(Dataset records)

____________________

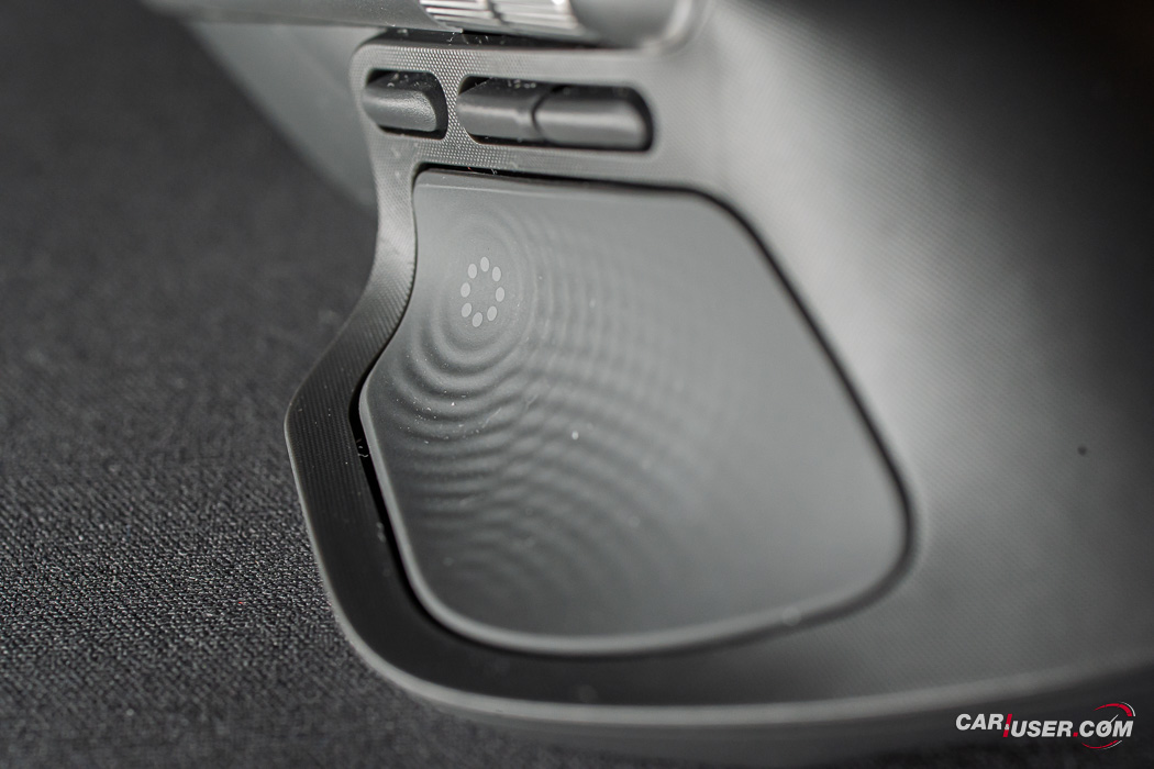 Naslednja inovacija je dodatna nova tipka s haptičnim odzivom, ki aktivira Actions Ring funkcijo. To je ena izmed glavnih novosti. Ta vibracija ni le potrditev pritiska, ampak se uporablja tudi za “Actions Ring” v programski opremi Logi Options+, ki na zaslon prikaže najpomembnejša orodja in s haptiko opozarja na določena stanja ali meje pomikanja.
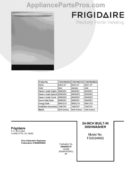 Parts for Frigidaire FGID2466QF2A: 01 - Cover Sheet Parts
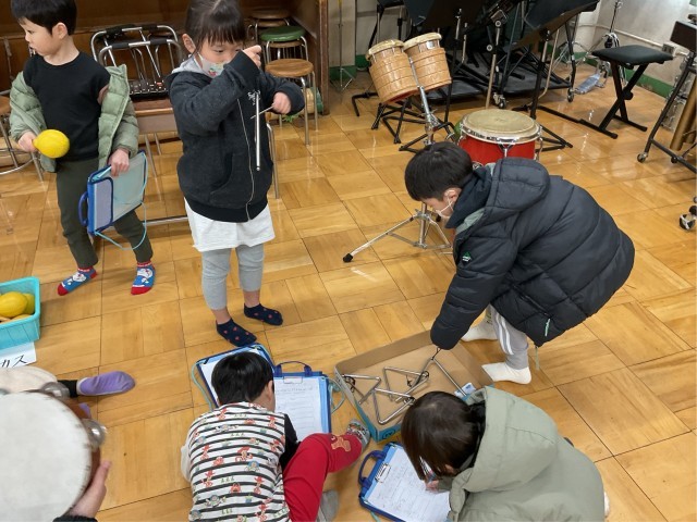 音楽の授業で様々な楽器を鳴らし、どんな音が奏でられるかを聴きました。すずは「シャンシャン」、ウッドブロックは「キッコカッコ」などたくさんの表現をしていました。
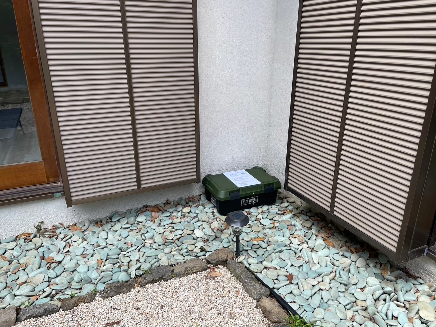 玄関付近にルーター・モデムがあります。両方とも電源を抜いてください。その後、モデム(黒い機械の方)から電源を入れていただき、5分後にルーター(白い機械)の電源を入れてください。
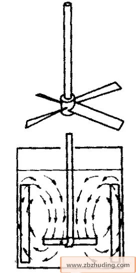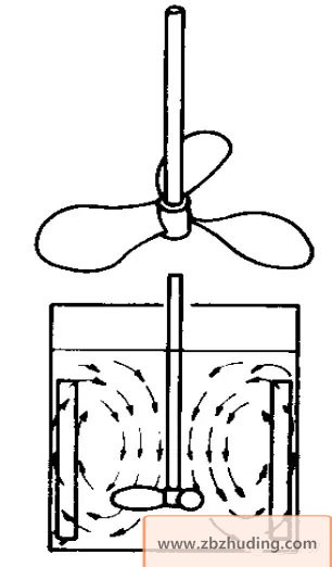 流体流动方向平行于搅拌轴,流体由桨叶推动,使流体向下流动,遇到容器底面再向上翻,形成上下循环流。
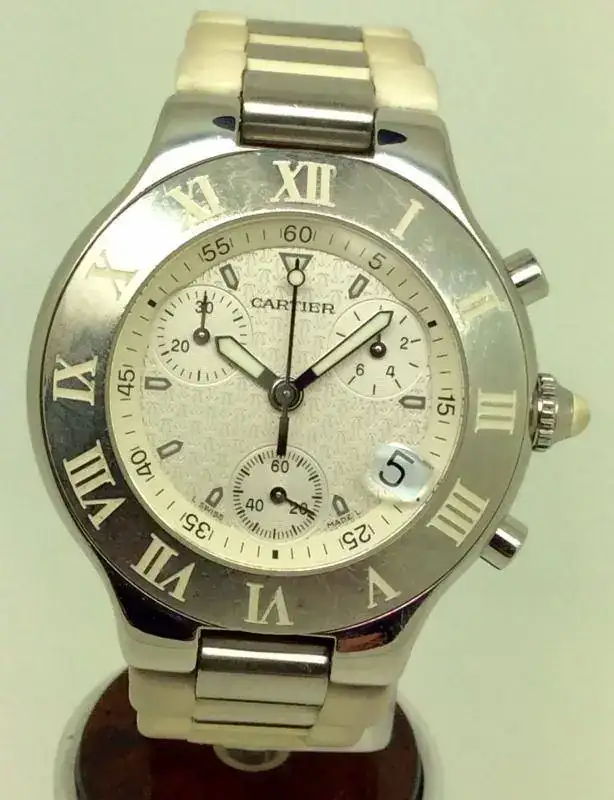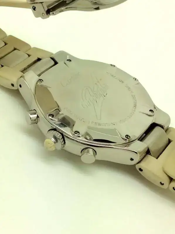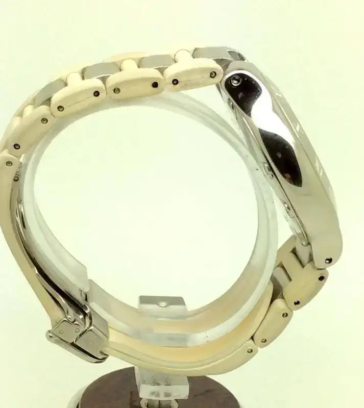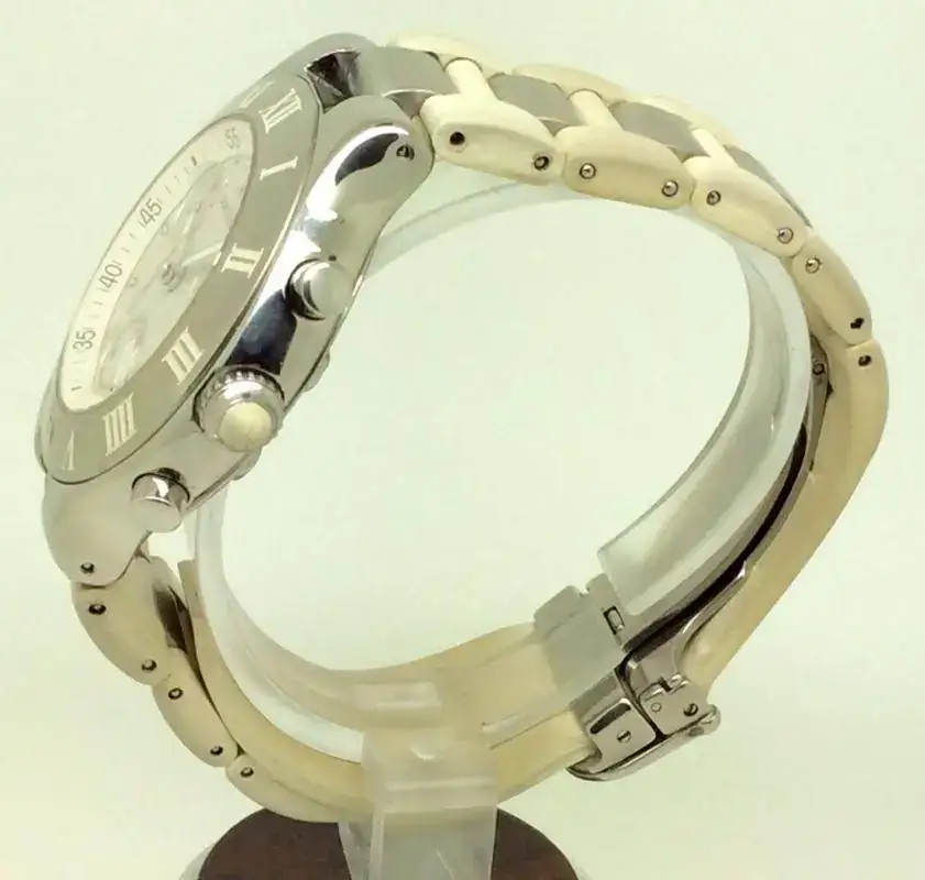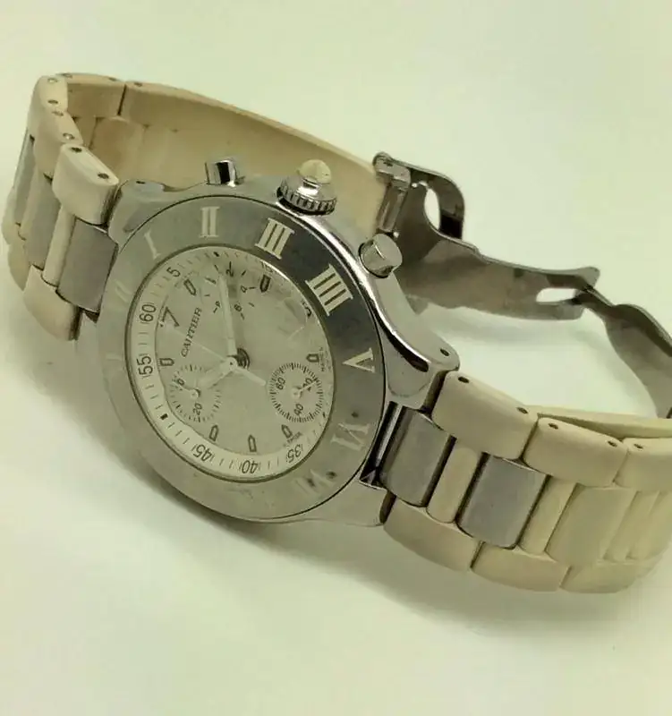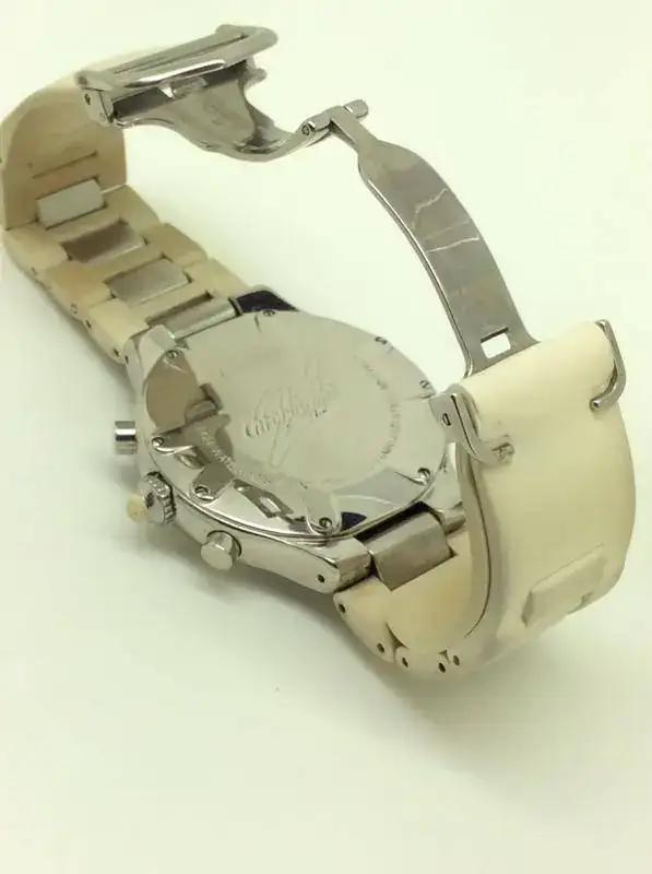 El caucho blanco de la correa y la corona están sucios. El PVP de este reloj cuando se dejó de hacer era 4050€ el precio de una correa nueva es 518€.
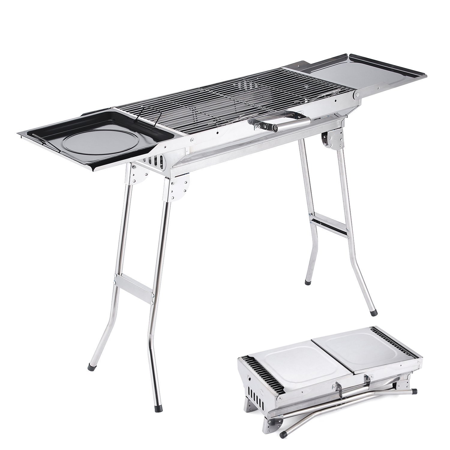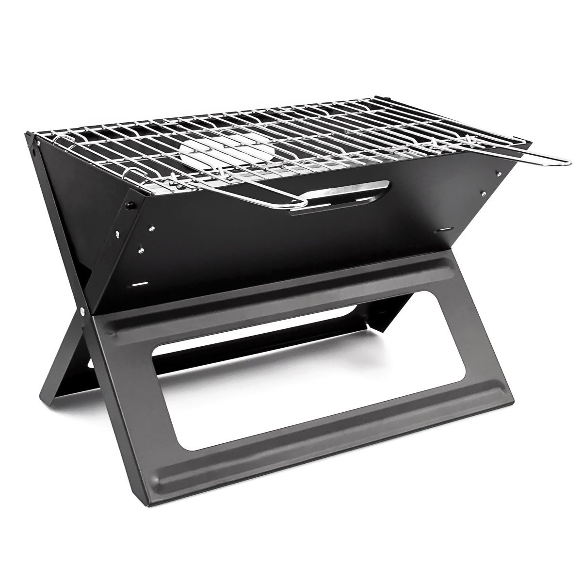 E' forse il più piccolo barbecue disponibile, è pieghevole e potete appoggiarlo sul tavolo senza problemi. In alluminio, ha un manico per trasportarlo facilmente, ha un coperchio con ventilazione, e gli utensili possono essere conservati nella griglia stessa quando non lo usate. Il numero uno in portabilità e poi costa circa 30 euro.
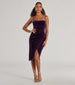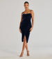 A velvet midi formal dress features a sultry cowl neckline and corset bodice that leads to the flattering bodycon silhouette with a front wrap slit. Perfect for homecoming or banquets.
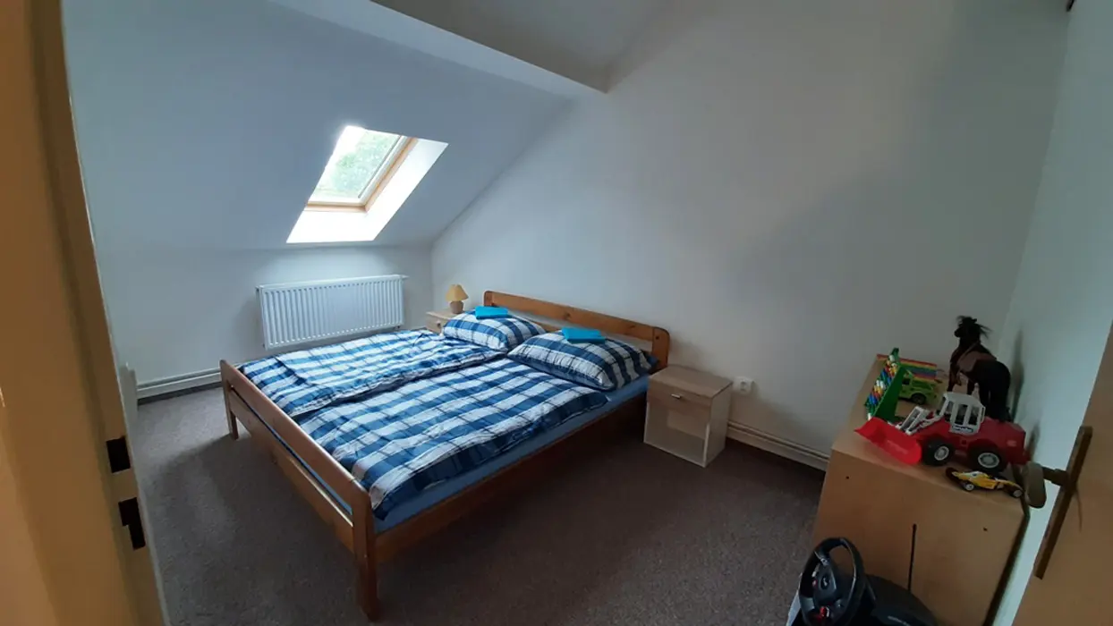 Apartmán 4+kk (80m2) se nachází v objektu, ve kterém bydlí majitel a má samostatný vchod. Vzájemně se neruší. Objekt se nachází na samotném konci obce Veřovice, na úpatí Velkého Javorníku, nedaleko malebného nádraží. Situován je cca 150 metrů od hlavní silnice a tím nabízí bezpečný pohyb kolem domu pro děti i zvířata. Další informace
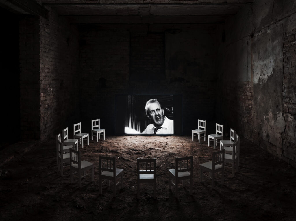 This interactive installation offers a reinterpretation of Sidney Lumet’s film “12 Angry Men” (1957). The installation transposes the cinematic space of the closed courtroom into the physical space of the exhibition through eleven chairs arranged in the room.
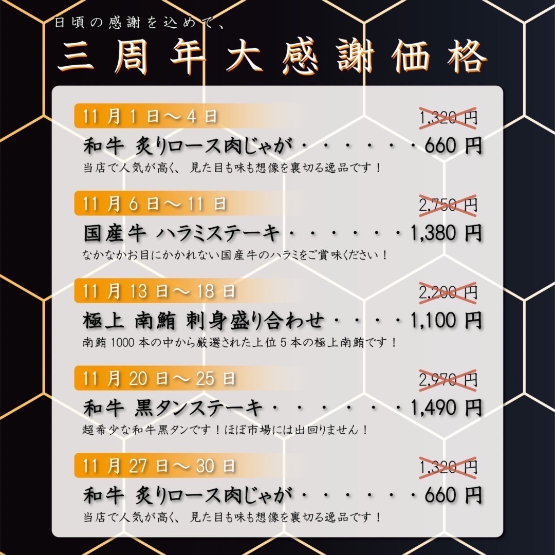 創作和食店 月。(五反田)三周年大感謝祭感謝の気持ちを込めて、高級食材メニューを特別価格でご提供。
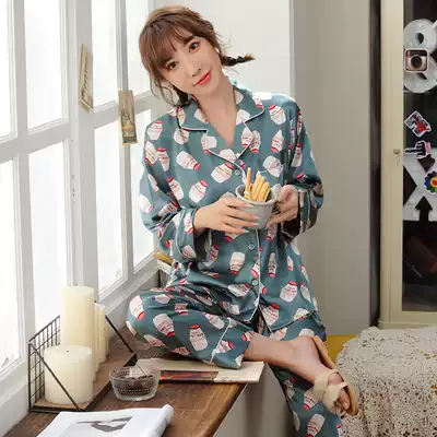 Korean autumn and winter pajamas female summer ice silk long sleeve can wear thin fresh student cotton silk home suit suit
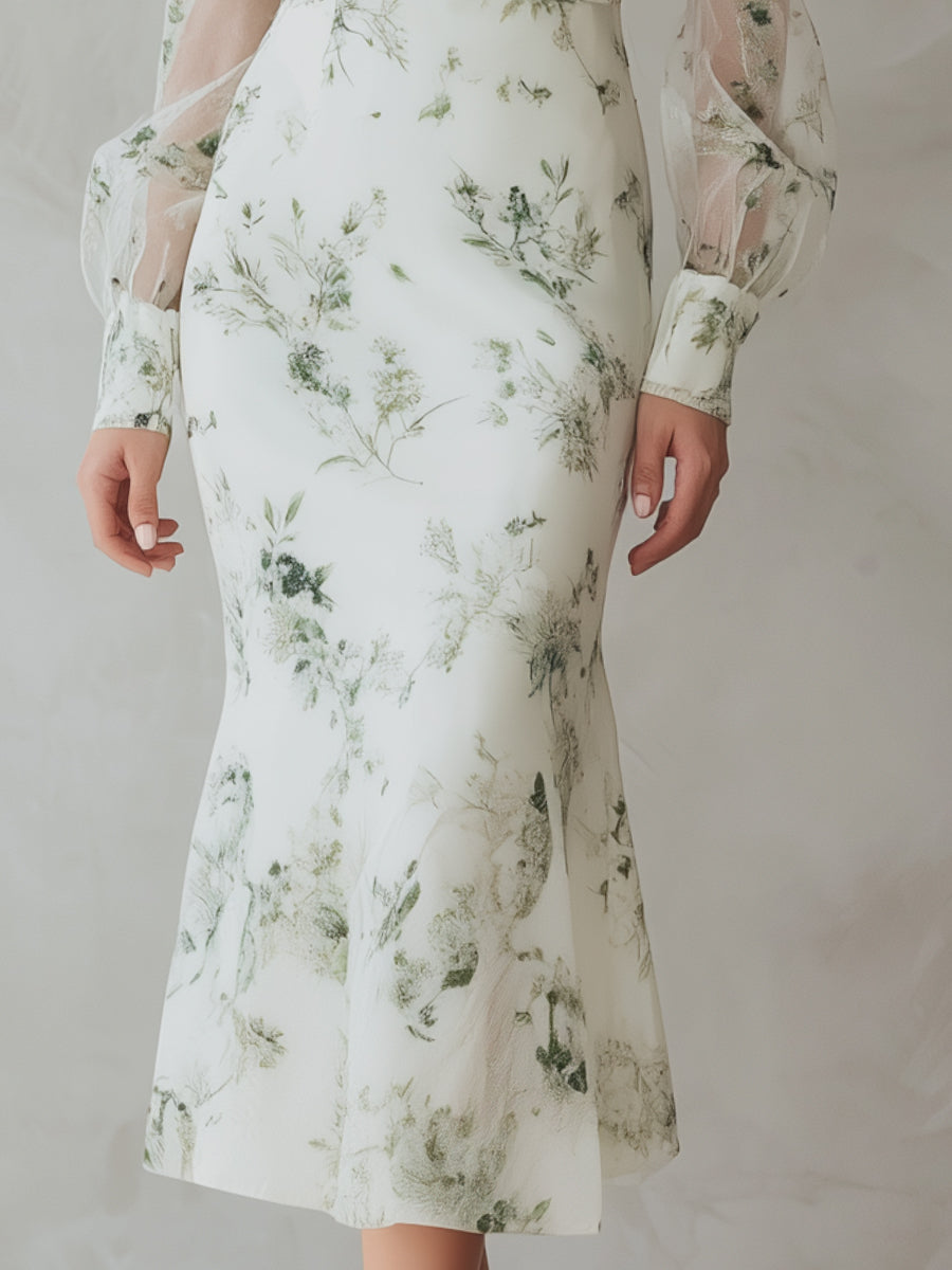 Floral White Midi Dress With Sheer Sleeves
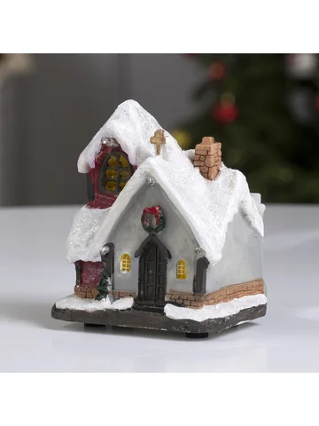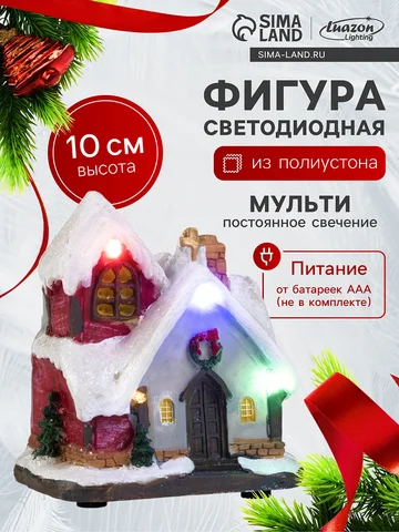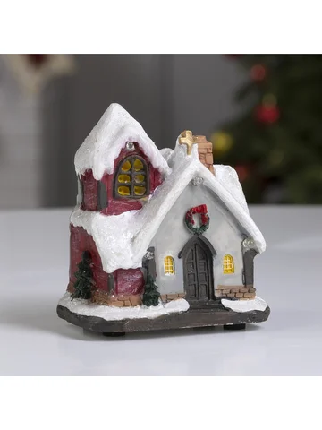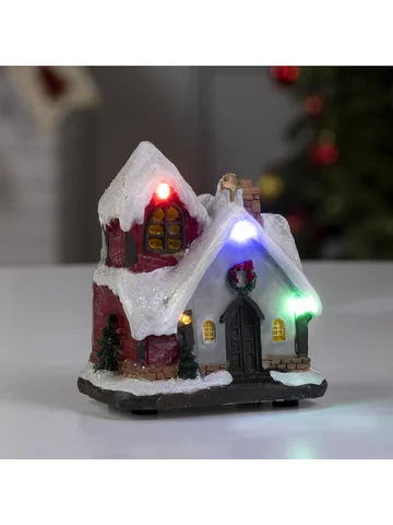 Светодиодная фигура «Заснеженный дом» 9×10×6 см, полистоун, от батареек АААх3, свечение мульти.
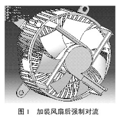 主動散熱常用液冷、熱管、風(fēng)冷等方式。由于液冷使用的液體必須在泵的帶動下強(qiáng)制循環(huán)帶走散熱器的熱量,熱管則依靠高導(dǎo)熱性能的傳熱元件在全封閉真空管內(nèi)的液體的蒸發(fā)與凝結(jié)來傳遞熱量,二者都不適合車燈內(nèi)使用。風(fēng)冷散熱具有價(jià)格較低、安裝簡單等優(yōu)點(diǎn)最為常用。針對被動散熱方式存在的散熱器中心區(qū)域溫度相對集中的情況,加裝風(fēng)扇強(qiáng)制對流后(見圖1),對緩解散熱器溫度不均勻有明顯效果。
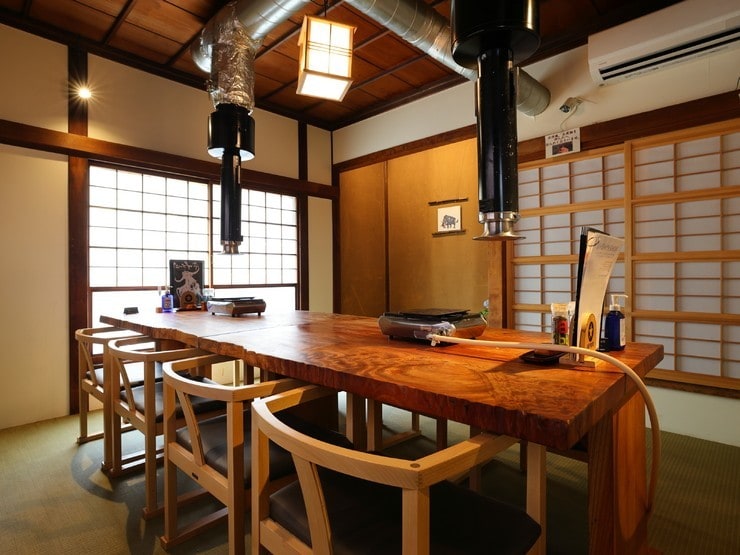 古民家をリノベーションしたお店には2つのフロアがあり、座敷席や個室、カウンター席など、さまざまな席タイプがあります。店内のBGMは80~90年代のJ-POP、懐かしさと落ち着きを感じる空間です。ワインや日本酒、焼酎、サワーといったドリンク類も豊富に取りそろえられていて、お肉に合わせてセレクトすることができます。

____________________

The problem: For each record above, write out every line exactly and skip the pictures.

Answer section:
 Naslednja inovacija je dodatna nova tipka s haptičnim odzivom, ki aktivira Actions Ring funkcijo. To je ena izmed glavnih novosti. Ta vibracija ni le potrditev pritiska, ampak se uporablja tudi za “Actions Ring” v programski opremi Logi Options+, ki na zaslon prikaže najpomembnejša orodja in s haptiko opozarja na določena stanja ali meje pomikanja.
 Parts for Frigidaire FGID2466QF2A: 01 - Cover Sheet Parts
 音楽の授業で様々な楽器を鳴らし、どんな音が奏でられるかを聴きました。すずは「シャンシャン」、ウッドブロックは「キッコカッコ」などたくさんの表現をしていました。
 玄関付近にルーター・モデムがあります。両方とも電源を抜いてください。その後、モデム(黒い機械の方)から電源を入れていただき、5分後にルーター(白い機械)の電源を入れてください。
 流体流动方向平行于搅拌轴,流体由桨叶推动,使流体向下流动,遇到容器底面再向上翻,形成上下循环流。
 El caucho blanco de la correa y la corona están sucios. El PVP de este reloj cuando se dejó de hacer era 4050€ el precio de una correa nueva es 518€.
 E' forse il più piccolo barbecue disponibile, è pieghevole e potete appoggiarlo sul tavolo senza problemi. In alluminio, ha un manico per trasportarlo facilmente, ha un coperchio con ventilazione, e gli utensili possono essere conservati nella griglia stessa quando non lo usate. Il numero uno in portabilità e poi costa circa 30 euro.
 A velvet midi formal dress features a sultry cowl neckline and corset bodice that leads to the flattering bodycon silhouette with a front wrap slit. Perfect for homecoming or banquets.
 Apartmán 4+kk (80m2) se nachází v objektu, ve kterém bydlí majitel a má samostatný vchod. Vzájemně se neruší. Objekt se nachází na samotném konci obce Veřovice, na úpatí Velkého Javorníku, nedaleko malebného nádraží. Situován je cca 150 metrů od hlavní silnice a tím nabízí bezpečný pohyb kolem domu pro děti i zvířata. Další informace
 This interactive installation offers a reinterpretation of Sidney Lumet’s film “12 Angry Men” (1957). The installation transposes the cinematic space of the closed courtroom into the physical space of the exhibition through eleven chairs arranged in the room.
 創作和食店 月。(五反田)三周年大感謝祭感謝の気持ちを込めて、高級食材メニューを特別価格でご提供。
 Korean autumn and winter pajamas female summer ice silk long sleeve can wear thin fresh student cotton silk home suit suit
 Floral White Midi Dress With Sheer Sleeves
 Светодиодная фигура «Заснеженный дом» 9×10×6 см, полистоун, от батареек АААх3, свечение мульти.
 主動散熱常用液冷、熱管、風(fēng)冷等方式。由于液冷使用的液體必須在泵的帶動下強(qiáng)制循環(huán)帶走散熱器的熱量,熱管則依靠高導(dǎo)熱性能的傳熱元件在全封閉真空管內(nèi)的液體的蒸發(fā)與凝結(jié)來傳遞熱量,二者都不適合車燈內(nèi)使用。風(fēng)冷散熱具有價(jià)格較低、安裝簡單等優(yōu)點(diǎn)最為常用。針對被動散熱方式存在的散熱器中心區(qū)域溫度相對集中的情況,加裝風(fēng)扇強(qiáng)制對流后(見圖1),對緩解散熱器溫度不均勻有明顯效果。
 古民家をリノベーションしたお店には2つのフロアがあり、座敷席や個室、カウンター席など、さまざまな席タイプがあります。店内のBGMは80~90年代のJ-POP、懐かしさと落ち着きを感じる空間です。ワインや日本酒、焼酎、サワーといったドリンク類も豊富に取りそろえられていて、お肉に合わせてセレクトすることができます。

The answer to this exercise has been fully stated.